Il decreto del MEF certifica l’assenza di scostamenti rilevanti dell’inflazione
 
 
 
 

16 APRILE 2026

Con il D.M. 31 marzo 2026, pubblicato in Gazzetta Ufficiale il 9 aprile, viene attestato che nel 2025 non si sono registrati scostamenti superiori al 2% tra inflazione reale e programmata, con effetti diretti sui contratti pubblici ancora regolati dal previgente codice.

Il contenuto del decreto

Il provvedimento certifica l’assenza di differenze significative tra inflazione reale e quella prevista, escludendo quindi l’attivazione del meccanismo di adeguamento dei prezzi previsto dalla normativa.
In particolare, non si rende applicabile l’incremento percentuale del “prezzo chiuso” disciplinato dall’art. 133, comma 3, del d.lgs. 163/2006.

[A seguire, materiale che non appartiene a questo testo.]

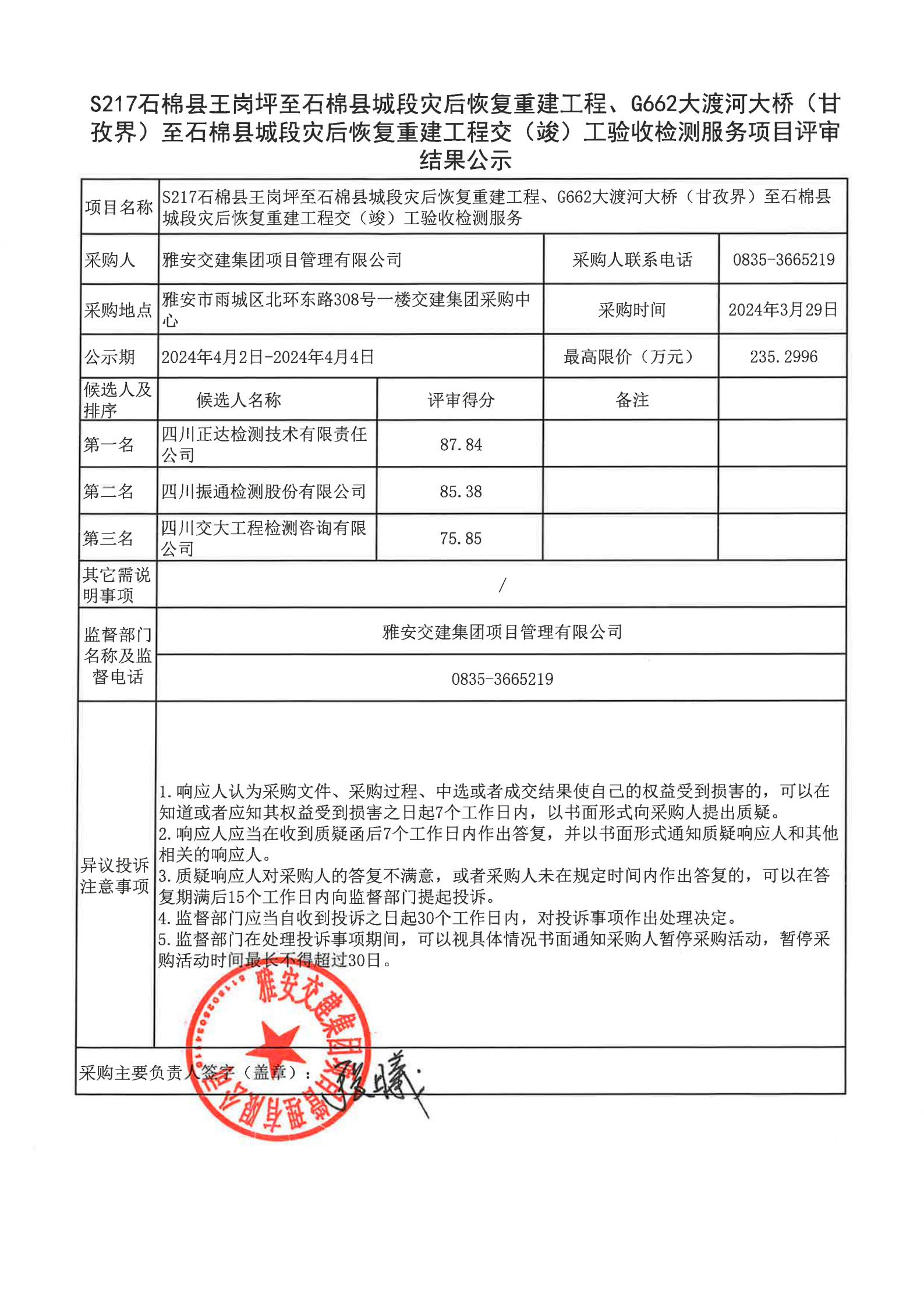 雅安交建集團項目管理有限公司S217石棉縣王崗坪至石棉縣城段災后恢復重建工程、G662大渡河大橋(甘孜界)至石棉縣城段災后恢復重建工程交(竣)工驗收檢測服務(wù)項目評審結(jié)果公示
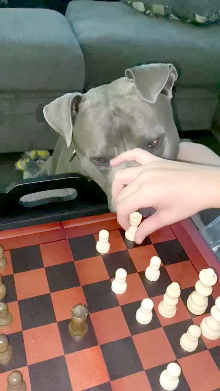 A dog knocks over a chess piece each time a man sets it up in the living room.
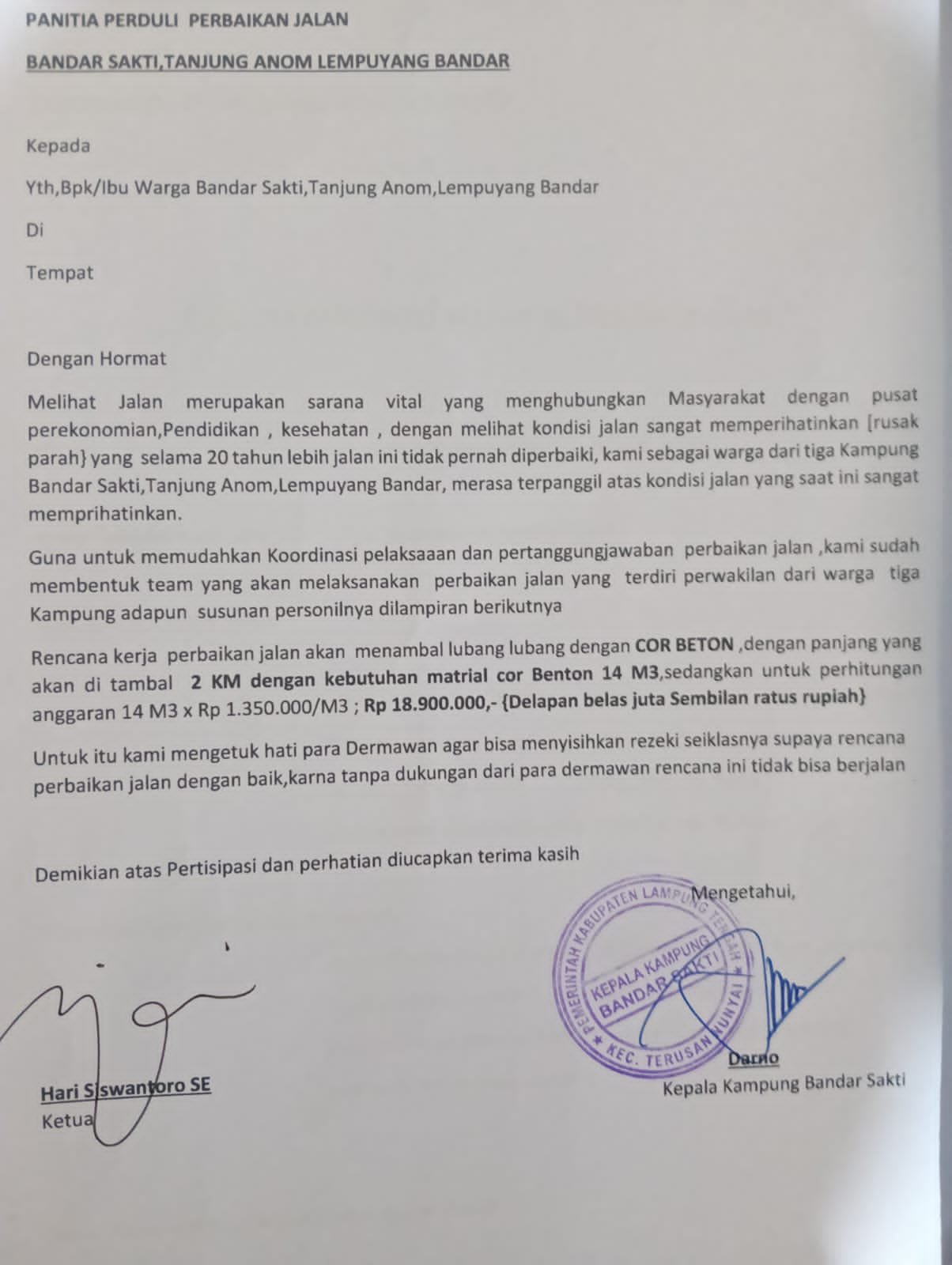 Kegiatan perbaikan jalan ini dilaksanakan secara swadaya oleh masyarakat setempat, dengan persetujuan dan dukungan penuh dari Kepala Kampung Bandar Sakti, Bapak Darmo. Panitia pembangunan menggalang sumbangan sukarela dari warga tiga kampung sebagai bentuk kepedulian bersama terhadap infrastruktur jalan yang telah lebih dari 20 tahun tidak tersentuh perbaikan.

Il quadro normativo di riferimento

La disposizione continua a trovare applicazione per i contratti di lavori pubblici affidati prima dell’entrata in vigore del d.lgs. 50/2016 e ancora in corso di esecuzione. In tali casi, il prezzo contrattuale può essere adeguato solo se lo scostamento tra inflazione reale e programmata supera la soglia del 2%.
Qualora tale limite venga oltrepassato, il Ministero determina annualmente la percentuale di aumento da applicare, limitatamente alla quota eccedente.

Le implicazioni operative

L’attestazione contenuta nel decreto comporta, per il 2025, l’assenza di qualsiasi adeguamento dei corrispettivi nei contratti interessati. Le stazioni appaltanti e gli operatori economici dovranno quindi fare riferimento ai prezzi originariamente stabiliti, senza possibilità di revisione legata all’inflazione.

Conclusioni

Il provvedimento conferma la natura eccezionale del meccanismo di aggiornamento del prezzo chiuso, che resta subordinato al superamento di una soglia significativa. In un contesto di stabilità relativa dei prezzi, viene quindi meno ogni automatismo di adeguamento, con effetti diretti sull’equilibrio economico dei contratti pubblici ancora regolati dalla disciplina previgente.